Dietrich, Berthold und Brenke (1985, 926) stellten 1985 hierzu fest, dass keine Untersuchungen vorliegen, die eindeutig die Überlegenheit einer Dehnmethode beweisen. Im Jahr 1991 publizierte Wiemann die Ergebnisse einer umfangreichen Längsschnittstudie und stellte fest, dass die im Allgemeinen von einem Dehnungstraining oder vom Stretching erwarteten Effekte wie Verminderung des Ruhetonus und Beseitigung einer Muskelverkürzung nicht nachgewiesen werden können (Wiemann, 1991, 305). Im gleichen Jahr sorgten Wydra, Bös und Karisch (1991) für eine Rehabilitierung des dynamischen Dehnens, indem sie zeigten, dass das dynamische Dehnen über einen Zeitraum von zwei Wochen dem statischen und dem postisometrischen Dehnen im Hinblick auf die Verbesserung der Bewegungsreichweite hochsignifikant überlegen war.

Nach dem aktuellen Stand der Wissenschaft können die verschiedenen Dehnmethoden je nach persönlicher Präferenz eingesetzt werden, auch und gerade das dynamische Dehnen, wenn es mit moderater Frequenz und Amplitude betrieben wird. In der Praxis hat sich auch eine Verbindung von dynamischer und statischer Ausführung des Dehnens, das „Federn und Halten“ bewährt.  (Weineck, 1994, 508 und Klee, 2002, 20 f.).

Weder Wiemann noch Wydra konnten nach einem gründlichen empirischen Vergleich des Stretchings mit dem dynamischen Dehnen nachweisen, dass das Stretching gegenüber dem alt hergebrachten rhythmisch-federnden Dehnen überlegen ist (Wiemann, 1993, 105 und Wydra 1991 und 1993).

Literaturverzeichnis

Dietrich, L., Berthold, F. & Brenke, F.. Muskeldehnung – eine wichtige trainingsmethodische Maßnahme. Theorie und Praxis, 34, 922 – 930, 1985.

Klee, A.. Methoden und Wirkungen des Dehnungstrainings. Schorndorf: Hofmann, 2003.

Klee, A. Circuit-Training, Bewegungskonzepte, Verlag Karl Hofmann, 2002.

Knebel, K.-P., Funktionsgymnastik. Reinbek: Rowolth, 1985.

Schönthaler, S. & Ohlendorf, K., Biomechanische und neurophysiologische Veränderungen nach ein- und mehrfach seriellem passiv-statischem Beweglichkeitstraining. Köln: Sport und Buch Strauß, 2002.

Sölverborn, S.A., Das Buch vom Stretching, Beweglichkeitstraining durch Dehnen und Strecken, München: Mosaik, 1983.

Weineck, J., Optimales Training, veränderte und erweiterte Auflage Balingen, 1994.

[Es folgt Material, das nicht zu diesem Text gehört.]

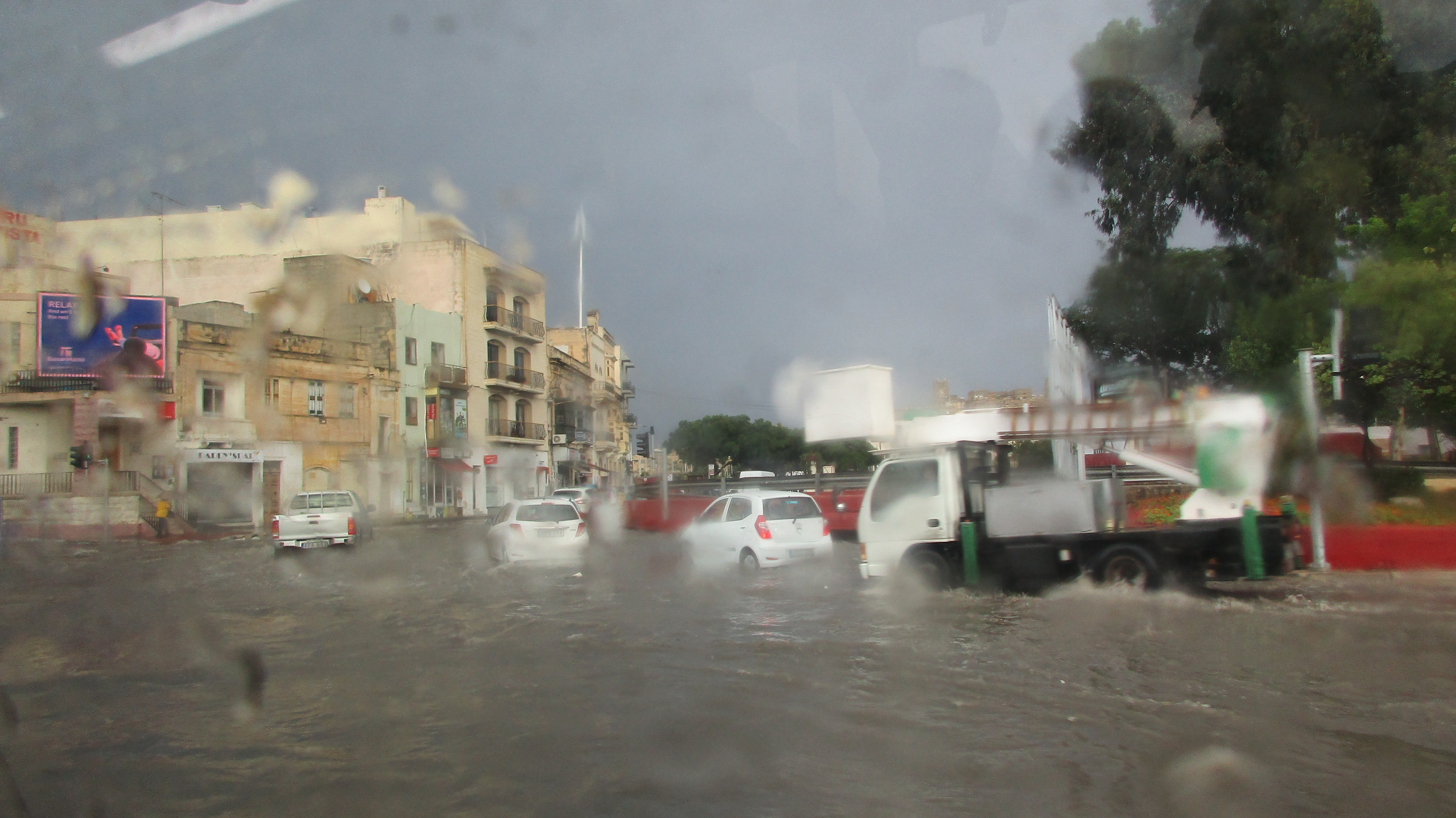 Die Rückfahrt war lustig, denn erstmals in diesem Urlaub kam es zu einem Wetterphänomen, das die Einheimischen „rain“ nennen. Es war mein erstes Sommergewitter in diesem Jahr und es war heftig. Vor allem die Folgen. Wir konnten uns das Ganze aus dem Bus heraus ansehen, und zwar im Sitzen. Anders als jene Familie aus unserem Hotel waren wir halt wieder pünktlich, wohingegen die Familie es sich im Mittelgang gemütlich machen musste. Weil ich vom achtstündigen Durchwandern Vallettas körperlich gebrochen war und ein Führer mich irregeleitet hatte, sah ich mich dieses Mal moralisch auf der absolut richtigen Seite. Und ich wollte im Sitzen betrachten, was der plötzliche Monsun aus Vallettas Straßen macht:

Wiemann, K., Beeinflussung muskulärer Parameter durch ein zehnwöchiges Dehnungstraining. Sportwissenschaft, 21, 295 – 305, 1991.

Wiemann, K., Stretching, Sportunterricht, Schorndorf, 1993, Heft 3.

Wydra, G., Bös, K. & Karisch, G., Zur Effektivität verschiedener Dehntechniken. Deutsche Zeitschrift für Sportmedizin, 42, 386 -400, 1991.

Wydra, G., Muskeldehnung – aktueller Stand der Forschung. Deutsche Zeitschrift für Sportmedizin, 44, 104 – 111, 1993.

Wydra, G., Dynamisches Dehnen besser als Stretching? Gesundheitssport und Sporttherapie, 18, 124 – 128, 2002.